GPU-accelerated Computing with Nanos Unikernels

Nowadays, Graphics Processing Units are used for much more than just video rendering: their computing power can be harnessed to run various workloads, including computing tasks that have traditionally been executed on general-purpose CPUs. Heterogeneous computing libraries such as OpenCL include GPUs in the set of computing devices on which user programs can be run. Many of today's digital services rely on artificial intelligence and machine learning algorithms that require a massive amount of computing power to be trained and executed, and server-grade GPUs are increasingly being used as additional computing devices in server farms. In this landscape, it's no wonder major public cloud providers such as GCP and AWS started offering VM instances equipped with GPUs.

In May 2022, NVIDIA™, a world leader in the GPU market, announced the release of an open-source version of their GPU kernel modules for Linux. This move, long awaited by the open-source community, paves the way for supporting NVIDIA GPUs in operating systems that have been unable to make use of these powerful devices. Given the increasing relevance of GPU use in public and private clouds, and the fact that both GCP and AWS include NVIDIA GPUs in their cloud offerings, we set out to port the NVIDIA Linux kernel drivers to Nanos: the result is a klib that can be inserted in a unikernel image and allows applications running on Nanos to make use of the GPU attached to a VM instance.

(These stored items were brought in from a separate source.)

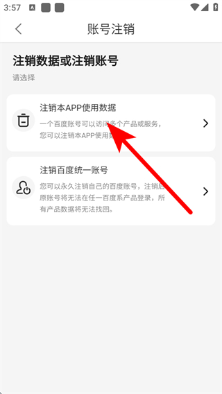 4、在賬號注銷頁面點擊注銷本APP使用數(shù)據(jù),即可注銷百度順風(fēng)車賬號。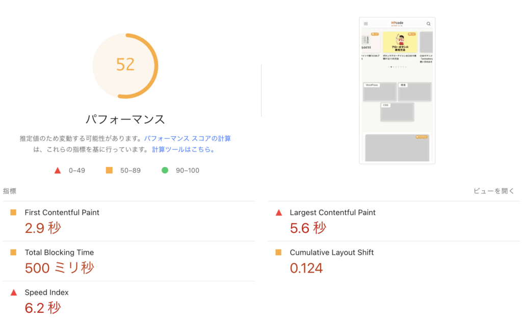 実際に見てみましょう。以下は2025年11月時点の「https://haniwaman.com/」のPageSpeed Insightsでの結果です。「ラボデータ」のパフォーマンスの結果として52点ということが分かります。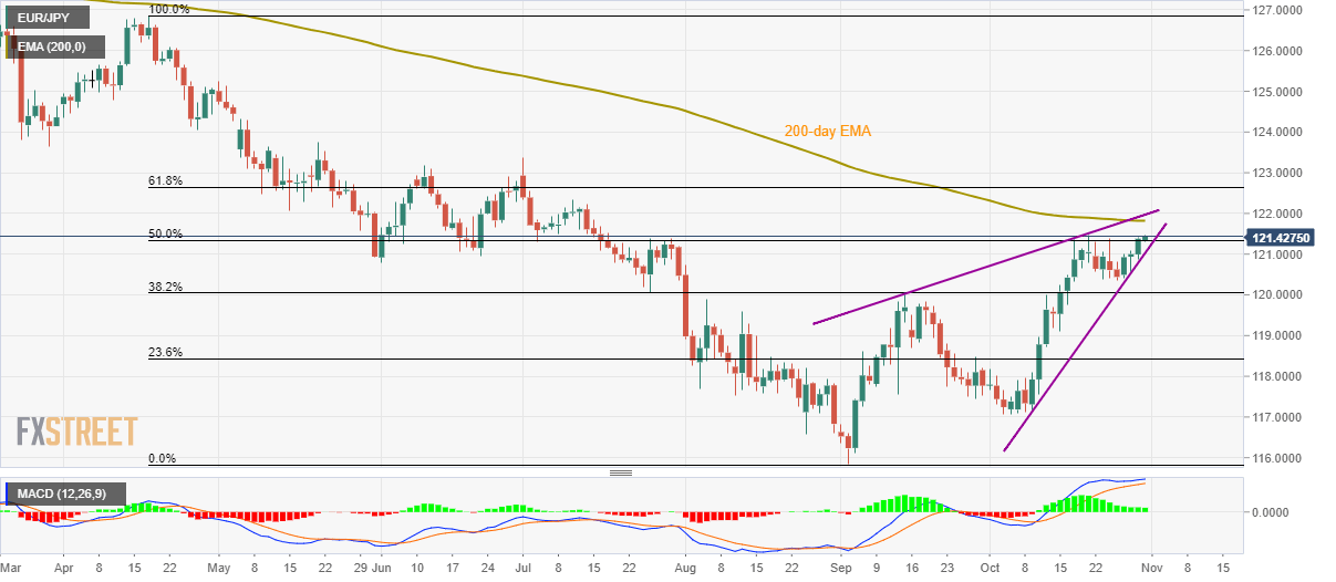 - EUR/JPY clings to 50% Fibonacci retracement of April-September declines.

The GPU Driver Porting Work

As one can see by browsing the source code in the NVIDIA GitHub repository, the GPU drivers are made up of a massive amount of code: 2600+ source files. The majority of these files (around 2100) are in the OS-independent part of the code base, while the rest is Linux-specific code; we were only interested in a subset of the Linux drivers, specifically those (NVIDIA core and UVM) that are needed by any application that makes use of the NVIDIA CUDA parallel computing libraries; the code in these drivers is made of around 270 source files. Since NVIDIA released this code with a permissive MIT license, we decided to do the porting to Nanos by forking their GitHub repository and modifying the Linux-specific parts, instead of re-writing everything from scratch.

Given the large amount of code involved, adding this code to the main Nanos kernel binary was not an option: it would have made the kernel binary 4-5 times larger than it is now! Luckily, we have klibs, which offer a convenient way to add new functionalities to a running kernel without adding code to the kernel itself, so implementing the GPU driver as a klib was a natural choice. But since including this klib in the set of core klibs that are shipped with the kernel would have increased considerably the compilation time of the kernel source tree, as well as the size of the kernel release tarballs, we opted for an out-of-tree klib, which is built separately from the kernel and its in-tree klibs.

As expected, the OS-independent part of the NVIDIA drivers required little effort to be used in Nanos (mostly some changes to the Makefile and header includes, which were needed to ensure the out-of-tree klib is built without including standard header files and with the same set of compiler and linker flags as the core klibs). The bulk of the work was on the Linux-specific part of the code, where heavy use of Linux kernel functionalities and data structures required non-trivial changes. In addition, the Nanos kernel itself needed to undergo some changes, to provide new functionalities that are used by the GPU klib.

As previously mentioned, the drivers that we wanted to port to Nanos are the NVIDIA core and UVM drivers. These are implemented on Linux by two separate kernel modules; since both of them are needed by a typical application that makes uses of the CUDA libraries, we merged them into a single Nanos klib binary file, whose entry point initializes both the core and UVM driver. We needed to ensure that no external tools were involved in setting up the system for use by a given application: for example, creating device nodes such as /dev/nvidiactl, /dev/nvidia0 and /dev/nvidia-uvm (which are the main interface between the low-level CUDA libraries and the kernel) has to be done by the klib itself during its initialization, instead of requiring external tools such as nvidia-modprobe; so the creation of device nodes was added to the driver initialization functions. In addition, we added to the Nanos kernel support for device major and minor numbers, which can now be specified when creating a device node and retrieved by the application via syscalls.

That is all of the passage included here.